I experienced that with my D, so I got some very fine steel wool (OO) with which to remove it. I did that about 6 months ago and it has never returned. I wonder if others have had the same experience?


----------



## Snipe656 (Oct 22, 2009)

I have gotten some but I just grabbed some meguiars metal polish and a rag then cleaned it all up. I think if you religiously keep your car clean then it will not build up and need anything special to clean off or perhaps even notice.


----------



## TForan (Sep 1, 2010)

tlak77 said:


> I'm due for the service in few days, and during the winter I figure stock should do. Also, wanted to see if I get any codes without it as well - so I could get better feeling if they are caused by JBD.


 I thought I would leave mine off for the winter but as soon as it comes back from the dealer, it's going back on. JBD + the cold dense air =


----------



## Flyingman (Sep 13, 2009)

Kernel,

To be honest I would expect at least some amount of soot being a diesel, but have been very pleasantly surprised to not detect much if any on mine.

All of the emission controls are supposed to reduce or eliminate this stuff.

I'd at least report it to the dealer next service and ask them to respond. Maybe your fuel is not burning completely or the Particle Filter is not functioning properly.

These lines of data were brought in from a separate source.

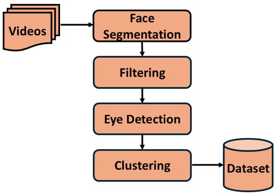The videos recorded on mothers (sows) and their daughters (gilts) go through a rigorous preprocessing, as shown in Figure 3. The process includes segmenting faces of animals in the images using the YOLOv9 segmenter [21]. The confidence threshold is kept high, i.e., 0.9, to extract only the best-quality face segmentations. This further goes through another filtering process based on the distance of the animal from the camera. For this, we employ the aspect ratio of the segmented face to the original image size. If the aspect ratio is more than 0.4, then the segmented face is sent to the next processing step. As mentioned before, eyes are one of the important features for stress. Thus, the segmented faces go through a YOLOv5-based eye detector [21]. The images with both eyes visible are kept for the final preprocessing step. Finally, clustering is performed on the set of images to pick distinct images with different orientations. A pre-trained VGG-16 [22], without the final classification layer, is used to extract the features, which are clustered using the k-means algorithm. In this, we use a maximum of 50 clusters, which means one image per cluster would be saved in the final dataset. This preprocessing is completed for 23 mothers and 97 daughters and yields a dataset of approximately 40,000 images.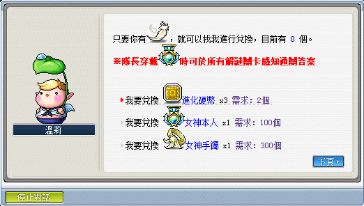 1.每次通關可獲得女神的羽翼,可兌換上述所有獎勵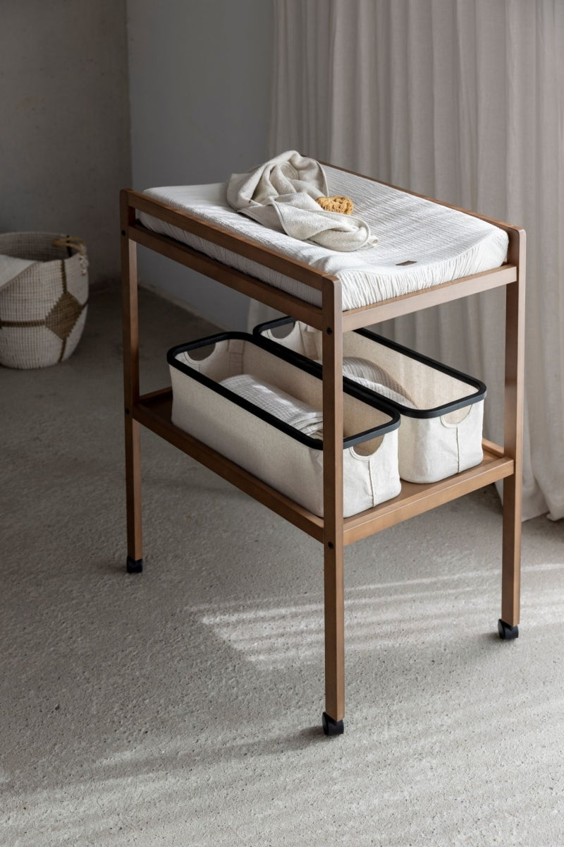 Voor extra opbergruimte biedt de luiertafel optionele (hang)mandjes waarmee je je benodigdheden geordend en binnen handbereik houdt. Deze stijlvolle mandjes voegen niet alleen functionaliteit toe, maar creëren ook een elegante opslagoplossing voor je essentials.

Do you get a lot of open road driving at highway speeds for some amount of your daily drive? I get about 50% open highway at 80-90mph and then bumper to bumper with red lights the other 50%, in my approximate 50 minute commute, so would assume that the recycle mode is getting plenty of heat and flow to do it's job.


----------



## dalekressin (Sep 3, 2008)

Never thought about the soot on the car.
The photo looks a bit like on the back end of SUV from dust I always thought was due to aerodynamics.


----------



## 01silvercoupe (Jul 27, 2011)

I get the same soot on my 2001 330ci. Maybe it's back draft acting on the exhaust.


----------



## firstbimmer (May 25, 2006)

Think its aerodynamics. My 2007 335i had more tailpipe soot but less on back bumper and trunk. My 2011 335d msport has clean pipes but filthy back bumper. This after 7 months of ownership. Bothered me at first but now I just ignore it.


----------



## ljgmdad (Feb 2, 2012)

tlak77 said:


> I agree with airflow and I could buy that if whatever I'm wiping off was not pitch black, we get dust all summer long as you know  and it is in much lighter color.
> BTW I always protect my cars for winter with 3 layers of Klasse SG topped with 3 layers of 845 (which does attract dust) and after each wash I use Mothers spray wax which binds very well with my 845


I really need to give mine the 845 treatment. The wet look you've got in that signature picture is fantastic. Not many white paint jobs look like that! :thumbup:

PS, I have a little soot like you mention on the rear also. But I've always noticed that 335i tailpipes look dirtier than 335d tailpipes, so I figured the urea was doing something good in that regard.


----------